**Goal of the exercise**
The listing below should be reproduced exactly, with the pictures omitted.

**Dataset content**
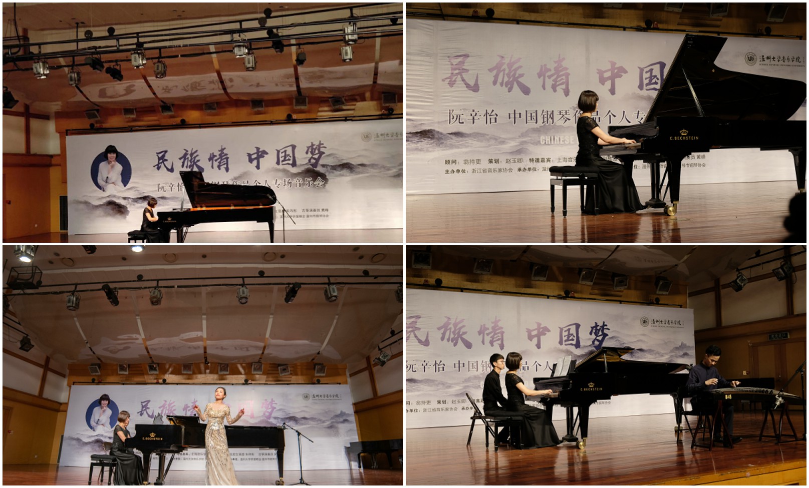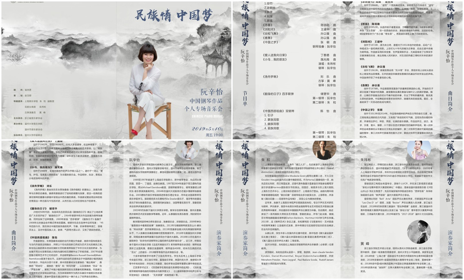 本场“民族情 中国梦”音乐会上阮老师独奏演绎了多首中国经典钢琴作品,如黎英海的组曲《杂技速写》,从阮老师琴声中可以反映出作曲家所要表达的宛如中国水墨画中的诗情画意和中国民族特有的优雅气质。耳熟能详的《思春》《浏阳河》以及孙以强先生作曲的《谷粒飞舞》《春舞》。《春舞》作品中浓郁的新疆风格,在阮辛怡老师优美柔和的钢琴声中,犹如置身于美丽果园,而欢快热烈的旋律犹如新疆人民载歌载舞庆祝丰收的喜悦。2014年由张朝作曲的《中国之梦》,阮老师的演奏让观众感受到高远清新的古代风韵,又有宽广恢弘的时代气魄,呈现东西合璧的特质,并表现出梦幻、神圣、秀丽、壮美的音乐意象。
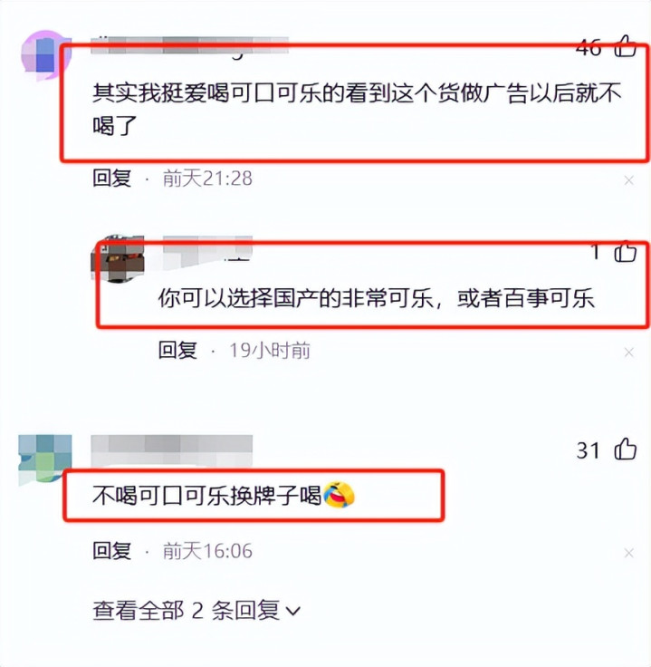 可口可乐邀请她当广告主角,可视频里的她,眉头紧拧,笑容僵硬,一点过年的喜庆劲儿都没有,不少网友留言说,看了这个广告,以后再也不喝可口可乐了。
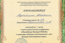 Поздравляем ученика 10 класса Бутылина Максима, занявшего 1-ое место в научно-практической конференции «Наследники Великой Победы» в номинации «История повседневности в годы войны». Руководитель: Ивашкевич И.М.

**Result below**
 本场“民族情 中国梦”音乐会上阮老师独奏演绎了多首中国经典钢琴作品,如黎英海的组曲《杂技速写》,从阮老师琴声中可以反映出作曲家所要表达的宛如中国水墨画中的诗情画意和中国民族特有的优雅气质。耳熟能详的《思春》《浏阳河》以及孙以强先生作曲的《谷粒飞舞》《春舞》。《春舞》作品中浓郁的新疆风格,在阮辛怡老师优美柔和的钢琴声中,犹如置身于美丽果园,而欢快热烈的旋律犹如新疆人民载歌载舞庆祝丰收的喜悦。2014年由张朝作曲的《中国之梦》,阮老师的演奏让观众感受到高远清新的古代风韵,又有宽广恢弘的时代气魄,呈现东西合璧的特质,并表现出梦幻、神圣、秀丽、壮美的音乐意象。
 可口可乐邀请她当广告主角,可视频里的她,眉头紧拧,笑容僵硬,一点过年的喜庆劲儿都没有,不少网友留言说,看了这个广告,以后再也不喝可口可乐了。
 Поздравляем ученика 10 класса Бутылина Максима, занявшего 1-ое место в научно-практической конференции «Наследники Великой Победы» в номинации «История повседневности в годы войны». Руководитель: Ивашкевич И.М.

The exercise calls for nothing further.